- **Work required**
A verbatim repetition of the data below is requested, without images.

- **Provided material**

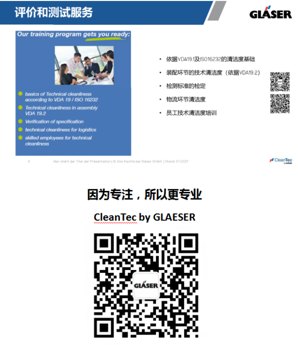 Glaeser Clean Tec 的专家为您优化生产装配流程,以确保其符合 VDA 19 和 ISO16232 标准的技术清洁度 要求。我们的服务范围包括零部件清洁度分析,咨询,以及 分析所用的检测设备。该检测设备为我公司自主研发生产。 在 GlaeserCleanTec 检测实验室,您可以获得与技术清洁相关的所有信息,并且分享我们作为服务提供商和设备制造商所积累的多年专业知识。 借助 Glaeser CleanTec 检测实验室的服务可以提高您公司部件的清洁度,从而获得高客户满意度,并我们能够满足您个性化的要求。 Glaeser CleanTec 是您在技术清洁领域的最佳合作伙伴。
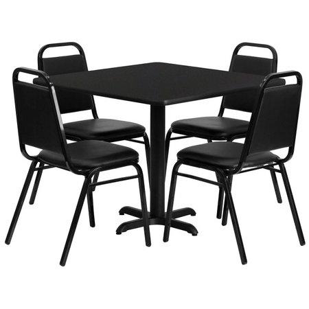 Flash Furniture HDBF1009-GG, 36" x 36" Square Indoor Melamine Dining Table Set w/ 4 Chairs, Black Laminate Finish
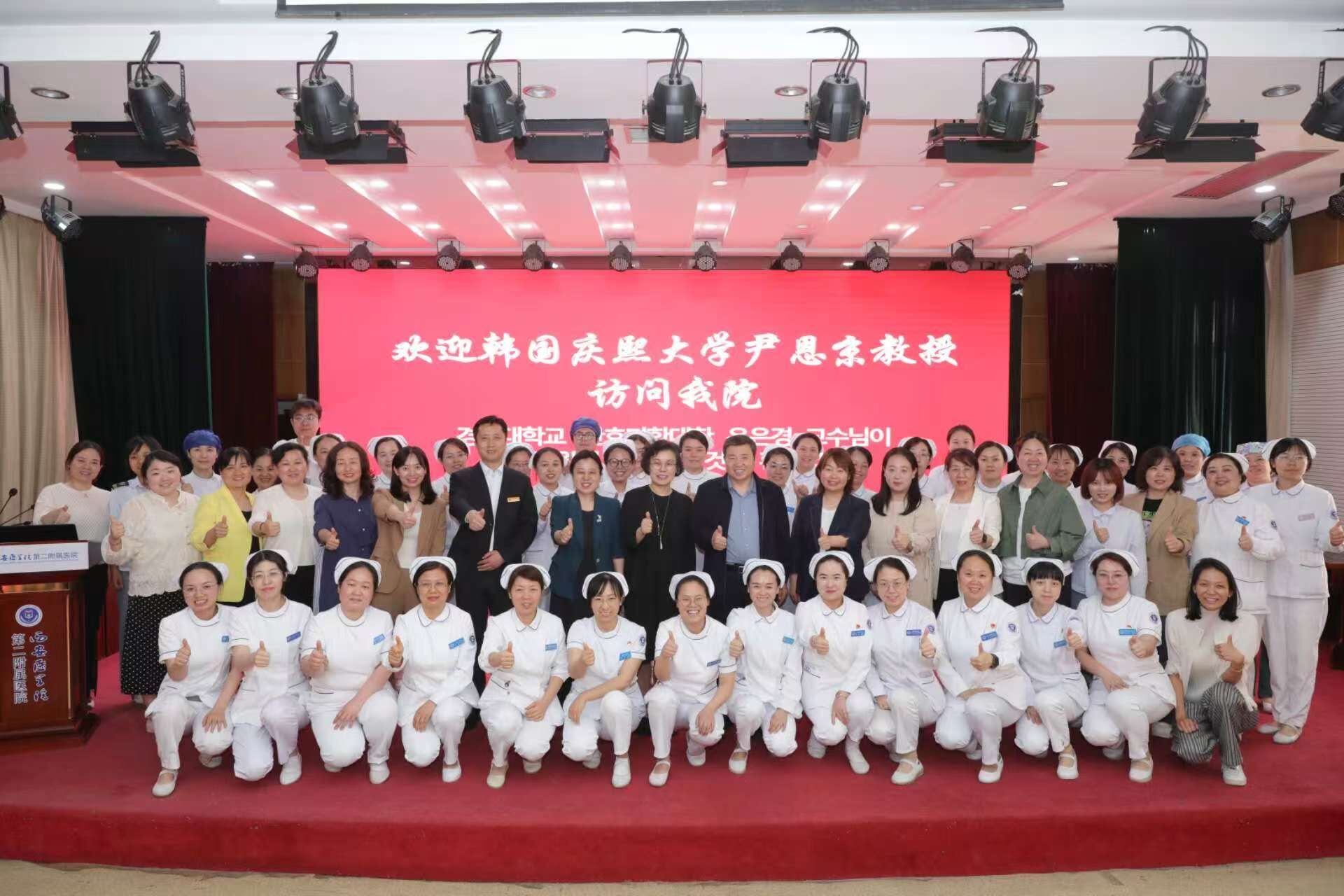 尹恩京在伟德国际1946bv第二附属医院专题讲座并合影留念

- **Written solution**
 Glaeser Clean Tec 的专家为您优化生产装配流程,以确保其符合 VDA 19 和 ISO16232 标准的技术清洁度 要求。我们的服务范围包括零部件清洁度分析,咨询,以及 分析所用的检测设备。该检测设备为我公司自主研发生产。 在 GlaeserCleanTec 检测实验室,您可以获得与技术清洁相关的所有信息,并且分享我们作为服务提供商和设备制造商所积累的多年专业知识。 借助 Glaeser CleanTec 检测实验室的服务可以提高您公司部件的清洁度,从而获得高客户满意度,并我们能够满足您个性化的要求。 Glaeser CleanTec 是您在技术清洁领域的最佳合作伙伴。
 Flash Furniture HDBF1009-GG, 36" x 36" Square Indoor Melamine Dining Table Set w/ 4 Chairs, Black Laminate Finish
 尹恩京在伟德国际1946bv第二附属医院专题讲座并合影留念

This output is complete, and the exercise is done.